Entschuldige die plumpe Nachfrage, aber hast Du schon im BIOS nachgeschaut, ob der Onboard-Sound vielleicht deaktiviert ist? Das würde immerhin die Tatsache erklären, dass keine Audiogeräte im Gerätemanager angezeigt werden, wobei mich dann allerdings wundert, dass die Treiberinstallation trotzdem durchgeführt wurde.

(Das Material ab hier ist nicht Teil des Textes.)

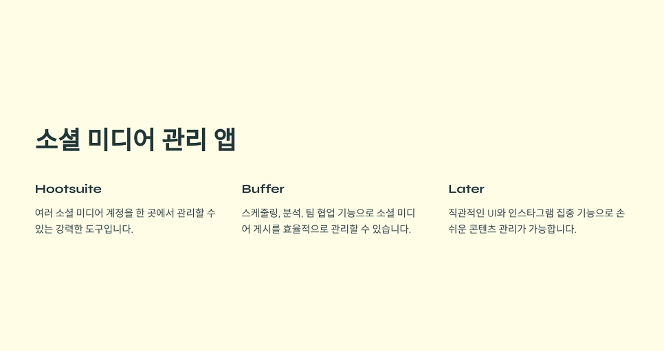 여러 소셜 플랫폼에서 다양한 콘텐츠를 운영하다 보면 효율성 있는 관리가 필수적입니다. Buffer는 여러 소셜 미디어 계정을 한 곳에서 관리하고 콘텐츠를 예약할 수 있는 기능을 제공합니다. 이를 통해 인플루언서는 시간과 노력을 절감할 수 있습니다.

Aber erstmal die einfachen Lösungen ausschließen.


----------



## Ossi (23. August 2009)

*Das war das Erste, was ich gemacht habe.*
Ein BIOS-Update kann ich mir sparen, da ist die Version 1.4 drauf und Audioprobleme wurden mit der Version 1.3 gefixt (_never touch a running system_).
Irgendwie habe ich den Sound jetzt hinbekommen aber so richtig zufrieden bin ich nicht, da der interne Lautsprecher nicht funktioniert. Die Kopfhörer an Panel vorne funktionieren und die Meldung, daß kein Ausgabegerät installiert ist, ist weg.
Was mich jedoch wundert ist, daß in der Systemsteuerung unter Audiogeräten nur "Realtek High Definition Audio" angezeigt wird und nichts weiter ....... ?


----------



## Stonefish (24. August 2009)

Hat der interne Lautsprecher denn überhaupt schon mal funktioniert? Soweit ich weiß hat der nämlich eigentlich überhaupt keine Verbindung zum Soundchip. (Das Gepiepse beim Booten funktioniert ja schon bei einem gerade zusammengebastelten Rechner, der noch nich mal ein Betriebssystem drauf hat ... geschweige denn Soundtreiber)

Daher vermute ich, dass dieses Problem von Deiner Treiber-Odysee unabhängig ist. (Guck doch mal ins Gehäuse ob der interne Lautsprecher richtig angeschlossen ist.)

Mal vom internen Lautsprecher abgesehen - funktioniert die restliche Soundwiedergabe jetzt zufriedenstellend? Falls nicht, kannst Du es ja noch mal mit einer wirklich gründlichen Treiberde- und neuinstallation probieren.

Also:

1. Im BIOS den Onbordchip deaktiveren.
2. Am Besten im abgesicherten Modus den Treiber deinstallieren.
3. Zur Sicherheit vielleicht noch einen Registry-Cleaner drüber jagen. (z.B. CCleaner)
4. Im BIOS den Chip wieder aktivieren.
5. Neustarten und den aktuellsten Treiber von der ASRock Seite installieren.
(Ich konnte leider auch keinen aktuelleren finden, auf der Website von Realtek werden zwar auch Treiber zum Download bereit gehalten, allerdings empfehlen die lieber die Mainboard-Treiber zu verwenden ... kA, vielleicht riskierst Du es ja mal trotzdem?)

Falls das alles nichts hilft und die Wiedergabe nach wie vor schlecht sein sollte, dann kannst Du entweder noch das Board reklamieren (Hast Du noch Garantie?) oder aber eine richtige Soundkarte dazustecken und den Onboard-Chip deaktivieren. Abhängig von Deinem Soundsystem und dem Anwendungsbereich kann das sogar eine sinnvolle Bereicherung sein. (Ich möchte meine X-Fi Xtreme Music in Verbindung mit einem 5.1 System jedenfalls gegen keinen Onbord-Chip der Welt eintauschen.)


----------